Required action = Only the lines from the one containing "В преддверии Дня" through the end of the records should be retyped, exactly and including both ends; pictures stay out.

╭──

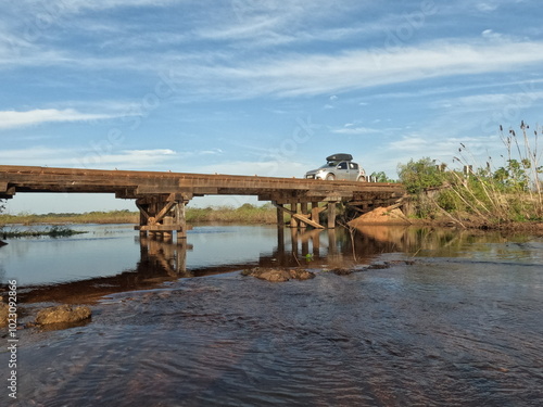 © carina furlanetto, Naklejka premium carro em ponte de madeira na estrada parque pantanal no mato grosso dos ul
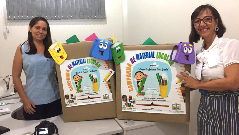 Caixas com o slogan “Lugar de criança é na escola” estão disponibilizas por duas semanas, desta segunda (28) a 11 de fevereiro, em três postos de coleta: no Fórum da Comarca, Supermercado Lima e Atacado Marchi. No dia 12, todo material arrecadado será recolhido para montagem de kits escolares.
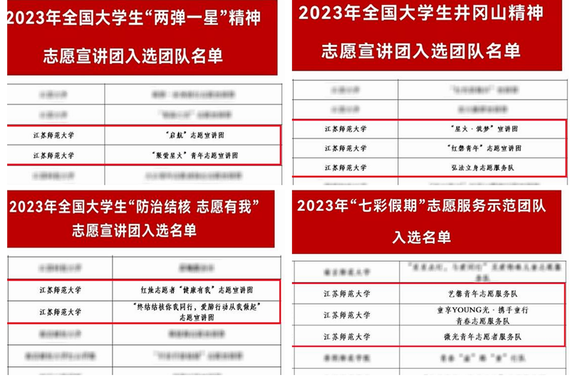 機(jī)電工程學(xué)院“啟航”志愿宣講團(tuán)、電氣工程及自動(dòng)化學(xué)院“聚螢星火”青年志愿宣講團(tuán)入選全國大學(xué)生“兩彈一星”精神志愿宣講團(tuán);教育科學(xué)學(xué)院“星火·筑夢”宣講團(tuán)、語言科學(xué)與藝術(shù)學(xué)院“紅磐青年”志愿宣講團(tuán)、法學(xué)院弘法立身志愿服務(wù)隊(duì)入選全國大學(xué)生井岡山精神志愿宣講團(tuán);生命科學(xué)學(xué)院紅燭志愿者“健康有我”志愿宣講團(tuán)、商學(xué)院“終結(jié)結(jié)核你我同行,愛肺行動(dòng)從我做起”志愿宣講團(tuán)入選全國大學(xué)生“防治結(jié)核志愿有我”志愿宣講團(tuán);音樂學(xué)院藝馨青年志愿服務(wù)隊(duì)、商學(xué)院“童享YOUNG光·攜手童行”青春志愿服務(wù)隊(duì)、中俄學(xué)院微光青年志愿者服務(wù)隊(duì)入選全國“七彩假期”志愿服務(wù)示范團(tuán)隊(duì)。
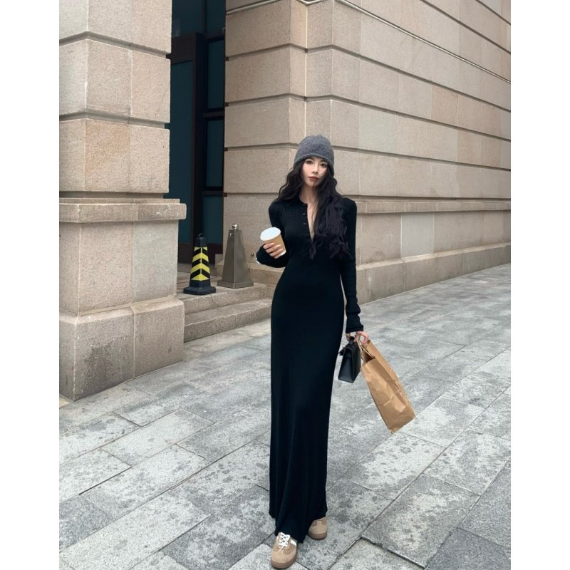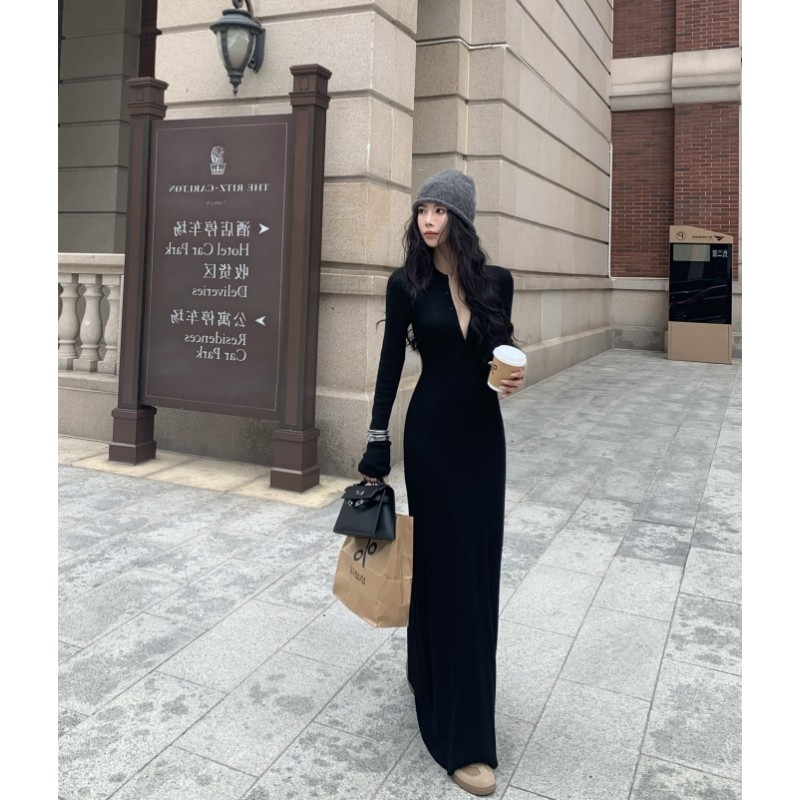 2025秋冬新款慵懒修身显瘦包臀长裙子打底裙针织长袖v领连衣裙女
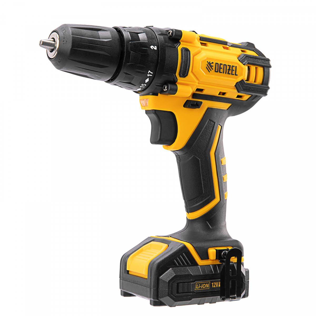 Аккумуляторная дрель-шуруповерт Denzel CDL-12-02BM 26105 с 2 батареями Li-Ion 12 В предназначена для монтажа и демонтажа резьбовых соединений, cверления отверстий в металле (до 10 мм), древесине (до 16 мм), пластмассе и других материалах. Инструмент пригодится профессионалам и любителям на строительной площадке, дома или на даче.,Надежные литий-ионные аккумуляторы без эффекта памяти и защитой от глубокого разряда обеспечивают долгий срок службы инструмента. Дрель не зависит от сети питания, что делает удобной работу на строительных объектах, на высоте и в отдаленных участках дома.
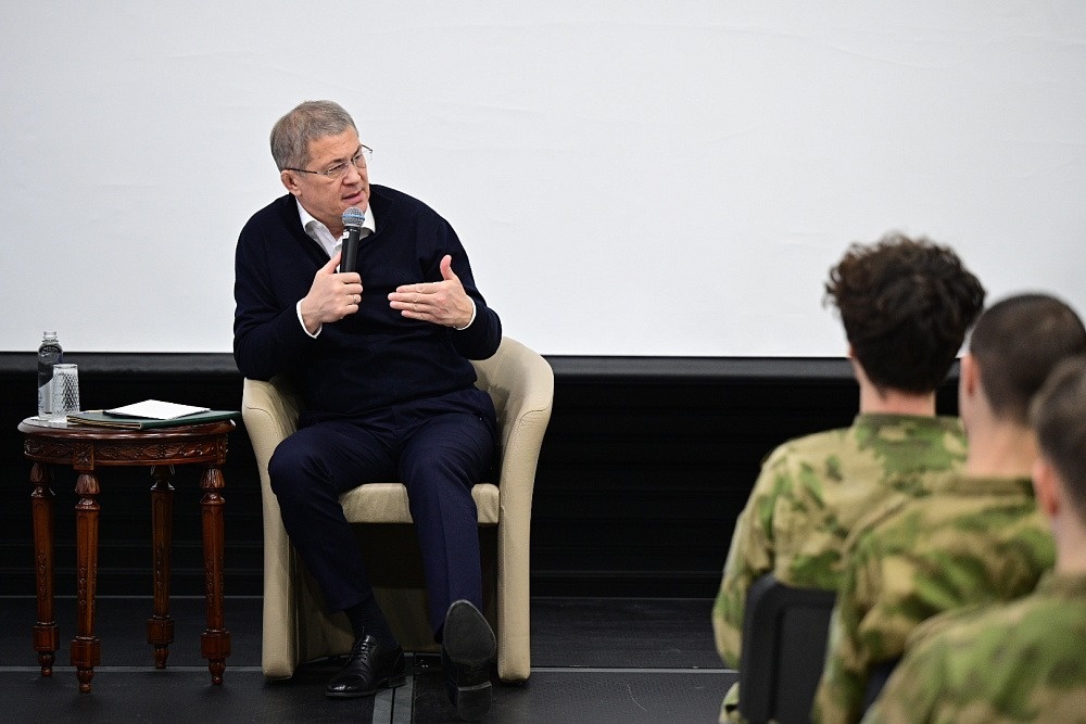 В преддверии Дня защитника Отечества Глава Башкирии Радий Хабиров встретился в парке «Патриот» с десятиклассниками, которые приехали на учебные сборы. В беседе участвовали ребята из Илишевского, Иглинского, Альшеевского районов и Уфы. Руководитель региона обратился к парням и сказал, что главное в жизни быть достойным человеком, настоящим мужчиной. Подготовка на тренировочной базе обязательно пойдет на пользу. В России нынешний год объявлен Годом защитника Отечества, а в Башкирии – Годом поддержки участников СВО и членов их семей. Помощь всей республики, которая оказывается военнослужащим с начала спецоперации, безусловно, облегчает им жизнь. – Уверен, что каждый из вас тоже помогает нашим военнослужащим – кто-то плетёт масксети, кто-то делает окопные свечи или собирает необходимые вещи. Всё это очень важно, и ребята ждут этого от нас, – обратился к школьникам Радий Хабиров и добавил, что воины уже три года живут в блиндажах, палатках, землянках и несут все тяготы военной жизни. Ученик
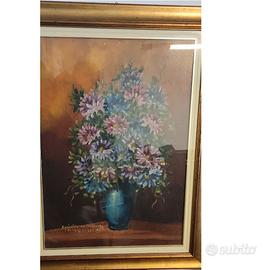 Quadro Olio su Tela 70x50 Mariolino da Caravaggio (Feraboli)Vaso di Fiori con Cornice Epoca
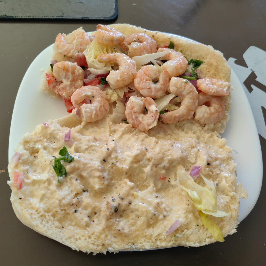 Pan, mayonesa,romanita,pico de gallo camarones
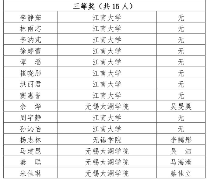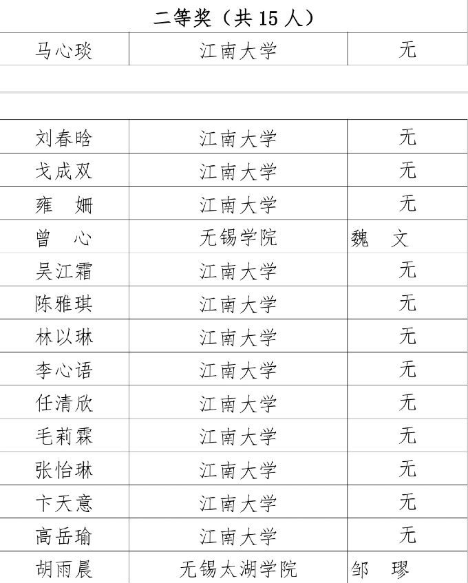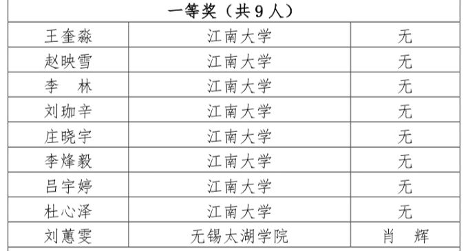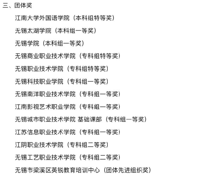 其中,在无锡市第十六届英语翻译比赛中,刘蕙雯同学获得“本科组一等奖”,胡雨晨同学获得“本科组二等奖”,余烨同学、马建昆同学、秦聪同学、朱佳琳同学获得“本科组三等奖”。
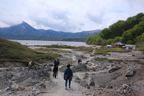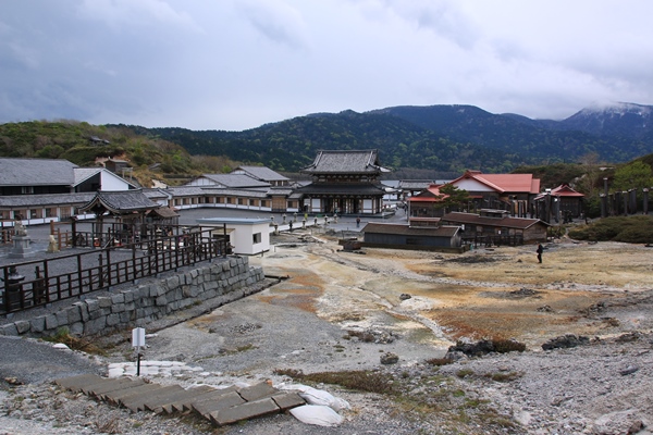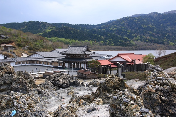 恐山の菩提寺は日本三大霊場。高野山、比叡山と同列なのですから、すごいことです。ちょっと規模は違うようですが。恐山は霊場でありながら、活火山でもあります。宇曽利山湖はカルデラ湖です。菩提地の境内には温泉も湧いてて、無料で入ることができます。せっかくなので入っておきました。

╰──

Result for this exercise =
 В преддверии Дня защитника Отечества Глава Башкирии Радий Хабиров встретился в парке «Патриот» с десятиклассниками, которые приехали на учебные сборы. В беседе участвовали ребята из Илишевского, Иглинского, Альшеевского районов и Уфы. Руководитель региона обратился к парням и сказал, что главное в жизни быть достойным человеком, настоящим мужчиной. Подготовка на тренировочной базе обязательно пойдет на пользу. В России нынешний год объявлен Годом защитника Отечества, а в Башкирии – Годом поддержки участников СВО и членов их семей. Помощь всей республики, которая оказывается военнослужащим с начала спецоперации, безусловно, облегчает им жизнь. – Уверен, что каждый из вас тоже помогает нашим военнослужащим – кто-то плетёт масксети, кто-то делает окопные свечи или собирает необходимые вещи. Всё это очень важно, и ребята ждут этого от нас, – обратился к школьникам Радий Хабиров и добавил, что воины уже три года живут в блиндажах, палатках, землянках и несут все тяготы военной жизни. Ученик
 Quadro Olio su Tela 70x50 Mariolino da Caravaggio (Feraboli)Vaso di Fiori con Cornice Epoca
 Pan, mayonesa,romanita,pico de gallo camarones
 其中,在无锡市第十六届英语翻译比赛中,刘蕙雯同学获得“本科组一等奖”,胡雨晨同学获得“本科组二等奖”,余烨同学、马建昆同学、秦聪同学、朱佳琳同学获得“本科组三等奖”。
 恐山の菩提寺は日本三大霊場。高野山、比叡山と同列なのですから、すごいことです。ちょっと規模は違うようですが。恐山は霊場でありながら、活火山でもあります。宇曽利山湖はカルデラ湖です。菩提地の境内には温泉も湧いてて、無料で入ることができます。せっかくなので入っておきました。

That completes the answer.